Love that is real is always backed by action. And God didn’t just speak love from heaven, he gave his Son.

The cross is the ultimate expression of love’s length. Jesus didn’t just teach and perform miracles. He laid down his life. At St. Paul’s Cathedral in London, there’s a life-size statue of the crucified Christ with this inscription: “This is how God loved the world.”

In a culture where the word “love” in many ways lost its meaning. John puts it this way: “This is how we know what love is: Jesus Christ laid down his life for us.” (1 John 3:16) If we claim to love others, it has to show. In our marriages. Our parenting. Our friendships. Love isn’t just what we say, it’s what we do.

Jesus didn’t say “whoever never messes up” or “whoever is good enough.” Just, whoever believes. That’s the depth of God’s love. It reaches to the lowest places and the darkest pits.

Have you ever felt too far gone? Too broken? Too ashamed? God’s love dives deep enough to find you there. Isaiah 38:17 says, “In love you have delivered my life from the pit of destruction, for you have cast all my sins behind your back.”

God doesn’t hold your failures in front of your face. He casts them behind His back. That means you don’t have to live in guilt and shame. If you’re in a pit right now, take heart. He’s the God who meets you there, and lifts you out.

Here’s the high point: eternal life with Jesus!

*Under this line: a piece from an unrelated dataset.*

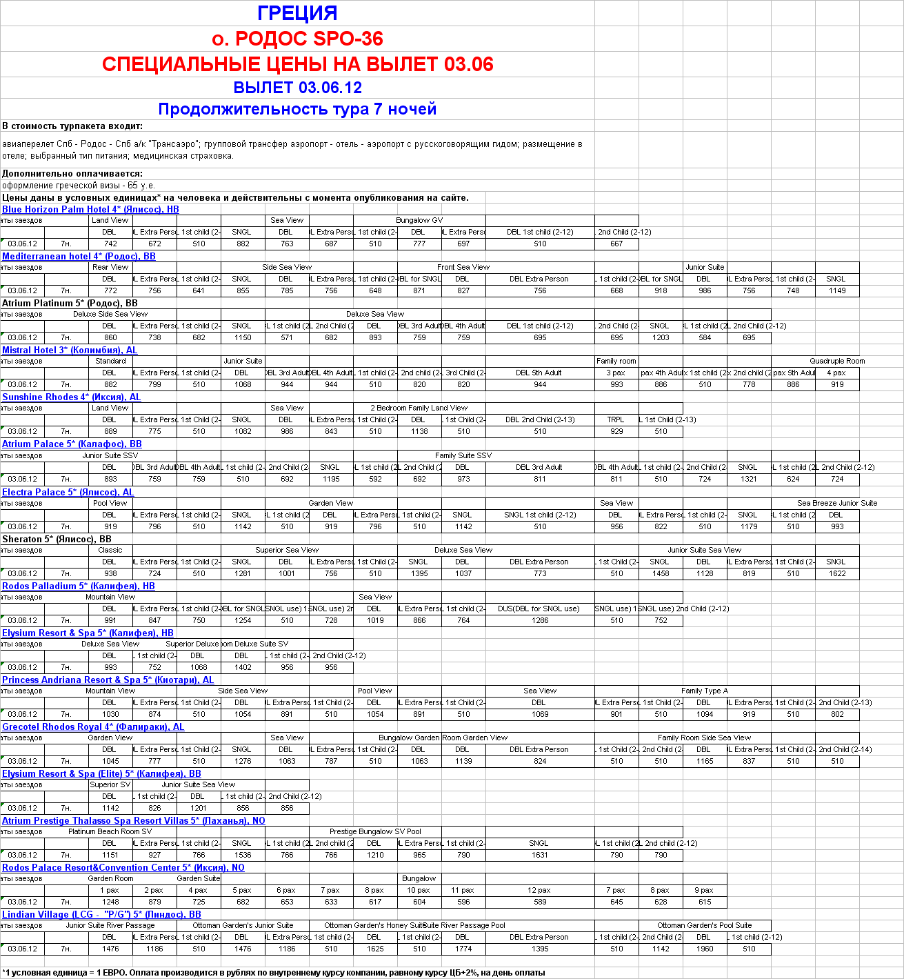 ГРЕЦИЯ - РОДОС СПЕЦИАЛЬНЫЕ ЦЕНЫ НА ВЫЛЕТ 03 ИЮНЯ от фирмы ЮЖНЫЙ КРЕСТ |

His love doesn’t just pull us out of sin, it lifts us into glory.

But this isn’t only a future hope, it’s a present reality.
Ephesians 2:6 tells us, “God raised us up with Christ and seated us with him in the heavenly realms.”

Did you catch that? Seated—past tense. Spiritually speaking, you’re already lifted and secured. The height of God’s love means your future is settled, your present is shaped by grace, and your identity is rooted in heavenly reality.

Paul says this love surpasses knowledge, it goes beyond what you or I can grasp. But in Jesus, we get the clearest picture of it. His love isn’t something to calculate or quantify, it’s something to receive.

John 3:16 says it best: “For God so loved the world that he gave his one and only Son,
that whoever believes in him shall not perish but have eternal life.”